Britain’s largest mental health trust has been forced into a humiliating climb-down after finally admitting the whistleblower who spoke out about bullying and harassment of staff had acted in good faith and in the public interest.
Dr Hayley Dare revealed a culture of bullying and harassment at West London Mental Health NHS Trust – which includes Broadmoor high-security hospital among its 32 sites – but was ridiculed by bosses.
The clinician, who had an unblemished 20-year career in the NHS, followed the trust’s whistleblowing policy and took her concerns to the trust’s then chief executive, Steve Shrubb. During one meeting with the HR director to discuss the issue, Mr Shrubb called Dr Dare “a very disturbed woman” when she was out of the room and compared her with his first wife.
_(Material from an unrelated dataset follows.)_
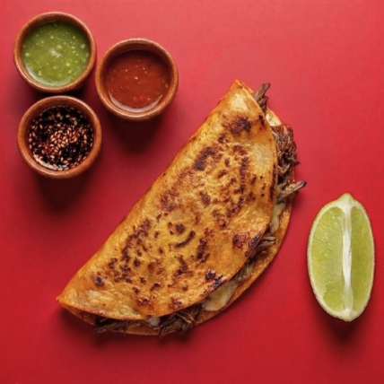 Nuestra deliciosa Quesabirria, cocinada con nuestra birria jugosa y combinación de quesos, incluye nuestras salsas, cebolla y cilantro (Tortilla Larga 22cm)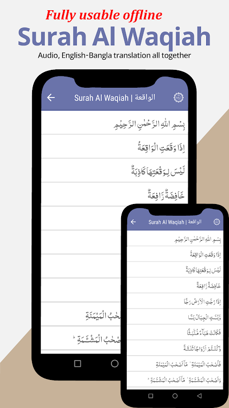 使用者在工作時可以在背景播放 Surah Al Waqiah 的音訊。無需連接到互聯網即可使用此應用程式。

He apologised at her employment tribunal for his comments.
The trust spent £130,000 fighting Dr Dare’s claims despite knowing it had serious problems about the issues she raised. Official NHS staff surveys in 2012 and 2013 showed that out of 51 mental health trusts, West London had the worst record for staff experiencing violence both from patients and colleagues.
Thirty per cent of staff experienced harassment, bullying or abuse from other members of staff in 2013 and 26 per cent experienced discrimination. Almost one in 12 employees experienced physical violence from colleagues.
However, Dr Dare lost her employment tribunal against the trust last September on a legal technicality that no longer exists. The tribunal found against her because the judge said her disclosure had not been made “in good faith” – a provision whistleblowers no longer have to satisfy.
Dr Dare said she was then left feeling “paralysed” after the trust pursued her for almost £100,000 in costs and vowed to keep fighting. She appealed, and on Friday both sides agreed on a consent order at the Employment Appeal Tribunal in London. The trust conceded Dr Dare had “made a disclosure in the public interest about the bullying and harassment of the staff of the [trust] and that this disclosure was made in good faith” when she went to Mr Shrubb with her concerns in March 2013. The trust also agreed to pay back £10,000 Dr Dare had paid to the trust in respect of the latter’s costs.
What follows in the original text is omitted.